Try some assorted spices in olive oil.
I like to take some cajun spice, lemon pepper and garlic, stir it into
olive oil and let it sit for a bit to "marinate". Then toss the veggies in it
after steaming.

The variations are endless. Can be done with butter or even chicken stock, too.

That would be garlic powder, not fresh, so no worries about botulism or other evile daemons!


----------



## bigdaddy3k (Jan 19, 2010)

GrillingFool said:


> Try some assorted spices in olive oil.
> I like to take some cajun spice, lemon pepper and garlic, stir it into
> olive oil and let it sit for a bit to "marinate". Then toss the veggies in it
> after steaming.
> ...


 
I follow this as well. Works great with frozen veggies too.


----------



## msmofet (Jan 19, 2010)

i do a string beans salad with steamed beans tossed while hot in fresh lemon juice, olive oil, fresh garlic (slivered), salt and ground black pepper. can also be made with steamed broccoli.


----------



## recipedirect (Jan 19, 2010)

I like my steamed veggies topped with a little olive oil and Mrs. Dash. You could use Tzadziki Sauce, Hollandaise or any number of sauces. There is a restaurant in Charleston (Glass Onion) that serves Bernaise sauce with fries.


----------



## PrincessFiona60 (Jan 19, 2010)

I use an asian style salad dressing one my veggies and also a tuscan style salad dressing.  Makes for some interesting fun and you can style a meal after which dressing you are using.  Any dressing you make should be able to make it in the fridge for 1-2 weeks if kept tightly capped.


----------



## DaveSoMD (Jan 19, 2010)

Try this for steamed carrots.  While still hot drizzel on some honey and drop on a Tblsp of butter and toss well till the butter melts.


----------



## Janet H (Jan 19, 2010)

Here are two of my favorites...

Lemon butter with poppy seeds added (great on broccoli, cauliflower, cabbage and steamed carrots)

Mustard cream - made thusly:
1/3 C mayo
1/3 C sour cream
1 Tbls Mustard seeds coarsely ground - grind em yourself  (mortar/pestal)  don't use mustard powder
2 tsps dill
1 - 2 Tbls Vinegar or sour pickle juice.  Make it tangy.
Thin with a little water to the consistency of thick gravy. 
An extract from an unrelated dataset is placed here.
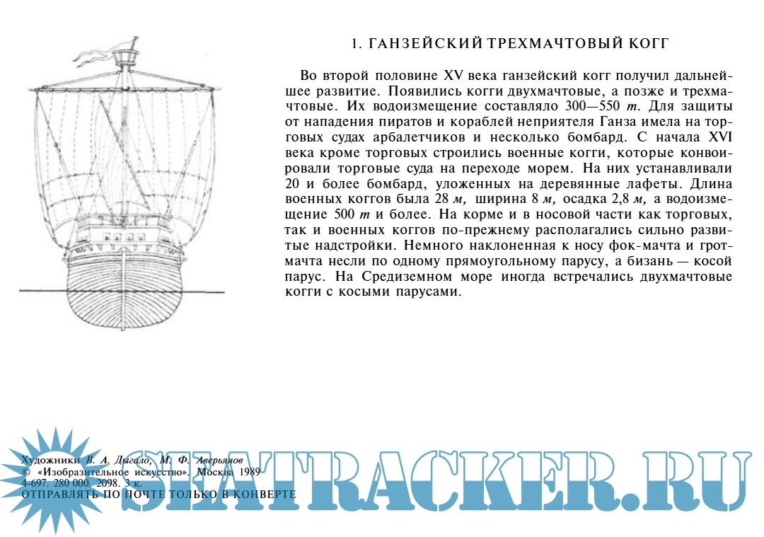 Год выпуска: 1986 - 1991 Язык: Русский Автор: В. Дыгало Жанр: Историческое Издательство: Изобразительное искусство Формат: PDF Качество: Отсканированные страницы Количество страниц: 70 Описание: Три набора открыток, которые стали классикой отечественной морской истории. Каждый набор включает 32 открытки. Набор № 1 посвящен кораблям Древнего мира. Набор № 2 - кораблям Средневековья. Набор № 3 - кораблям русского флота 18-19 веков. Над выпусками работало трое художников: В. Дыгало (профессиональный военный моряк, адмирал), Н.Нарбеков (скончался после выпуска набора по истории древних кораблей), М. Аверьянов.

Mix it all up and refrigerate for at least an hour. Serve cold. 
Use on asparagus, steamed green beans, broccoli or as a dip for raw cut veggies.


----------



## bigdaddy3k (Jan 19, 2010)

DaveSoMD said:


> Try this for steamed carrots. While still hot drizzel on some honey and drop on a Tblsp of butter and toss well till the butter melts.


 
I do this with apricot jam instead of honey!


----------



## Argamemnon (Jan 21, 2010)

I should have said vinaigrette instead of dressing (dressing is only for salads?). Thanks for the replies, and yes the possibilities and variations are endless. I should stop being so lazy and try different methods myself.


----------



## Argamemnon (Jan 21, 2010)

On the 'World's Healthiest Foods' site it says that heating butter or oil is very unhealthy. I'm a little obsessed with this lately so I'm trying to avoid eating too much heated butter or oil.


----------



## ChefJune (Jan 22, 2010)

I often make a vinaigrette with lemon juice, a couple cloves of very finely chopped garlic, Dijon mustard and good olive oil for my cooked vegetables.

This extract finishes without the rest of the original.